Tags: webdev, AI, showdev, opensource

I've been building alone for the past few years. No co-founder, no funding, no team. Just TypeScript, a lot of coffee, and a habit of shipping things before I talk about them.

The result is zambo.dev — 19 live products across SaaS, AI agents, onchain tools, and dev infrastructure.

This post isn't a launch announcement. It's a breakdown of how I built it, why it's structured the way it is, and the one thing I did recently that I think more solo builders should be doing.

The stack
Everything runs in a pnpm monorepo on Node 24 + TypeScript 5.9:

API: Express 5, base path /api, single server for all products
DB: PostgreSQL + Drizzle ORM
AI: Groq 4-model cascade — llama-3.1-70b → 8b-instant → gemma2 → mixtral → hardcoded fallback. Users never see an error.
Payments: PayPal Subscriptions (auto-creates products and plans from credentials on first run)
Email: Resend for transactional + drip sequences
Frontend: React + Vite + shadcn/ui + Framer Motion
The products (short version)
ZAMBRO — paste any URL, startup idea, wallet address, or GitHub repo. Get an opportunity audit in under 5 seconds. Powered by the same Groq cascade.

ZAMBOT — AI agent evolution engine. POST a goal, get back a strategy, task list, and agent config. 3 free sparks/day, then 0.001 USDC on Base via x402. No accounts. No API keys.
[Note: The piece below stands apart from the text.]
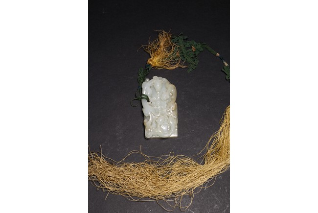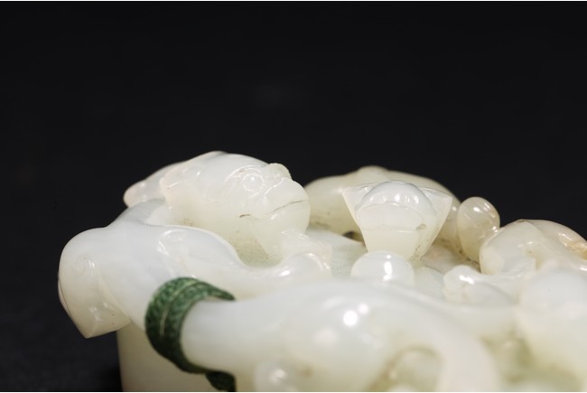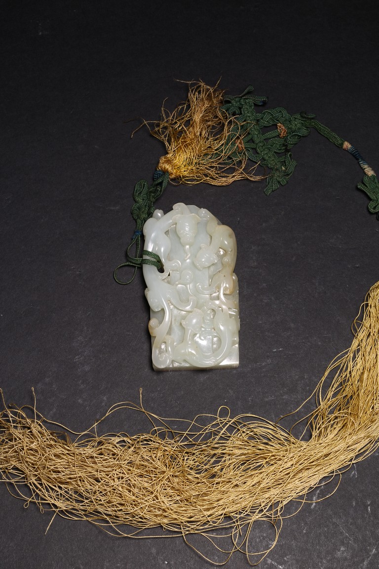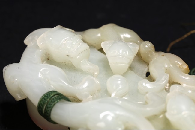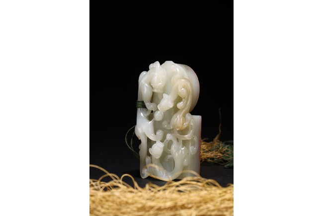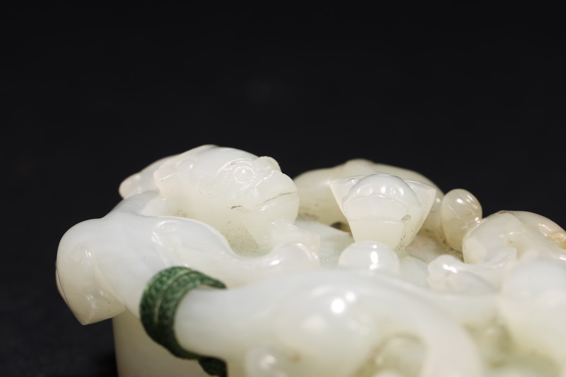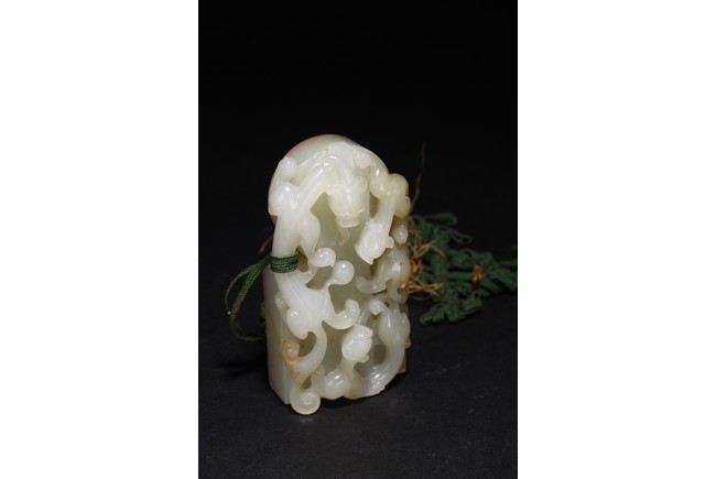 Qing Dynasty period. Of rectangular and circular form, the seal carved with three sinuous chilong in high relief on as finial, the circular and rectangular seal faces each carved with four characters.

LeadSignal — AI lead generation for contractors. 24 trades × unlimited cities. Free tier, then $49–$199/mo via PayPal subscriptions.

X711 — universal MCP server hub. Connect any AI agent to 50+ tools (GitHub, Linear, Notion, Postgres, Stripe) through one endpoint. No per-tool auth setup.

Signal — verified professional passport. On-chain proof of work for developers and builders.

ProvibeCode — AI code audit for vibe-coded projects. Catches the stuff LLMs miss when they write their own code.

CreditHunt — 29 verified funding programs, $813K+ in available capital, refreshed daily.

Plus: Criptic, BountyLayer, Govri, VeriAI, Dunnly, Entangler, ProofForge, Substrate Layer, AgentWorld, Dunnly.

The architecture decision I'm most glad I made
One unified API endpoint:

POST https://zambo.dev/api/zambo
Content-Type: application/json
{ "need": "I need contractor leads in Phoenix for HVAC" }
Response:

{
"understood_need": "AI lead generation for HVAC contractors in Phoenix, AZ",
"solution": "...",
"powered_by": ["LeadSignal", "ZAMBRO"],
"next_steps": [...],
"call_to_action": "Run LeadSignal for HVAC + Phoenix now — first 3 searches free",
"tier": "free",
"meta": { "requests_remaining": 9, "reset_in_hours": 24 }
}
It routes through a classifier, pulls from the relevant products, runs Groq, and returns structured JSON. Free, no key, no signup. 10 requests/day per IP.

This single endpoint is what made the next decision obvious.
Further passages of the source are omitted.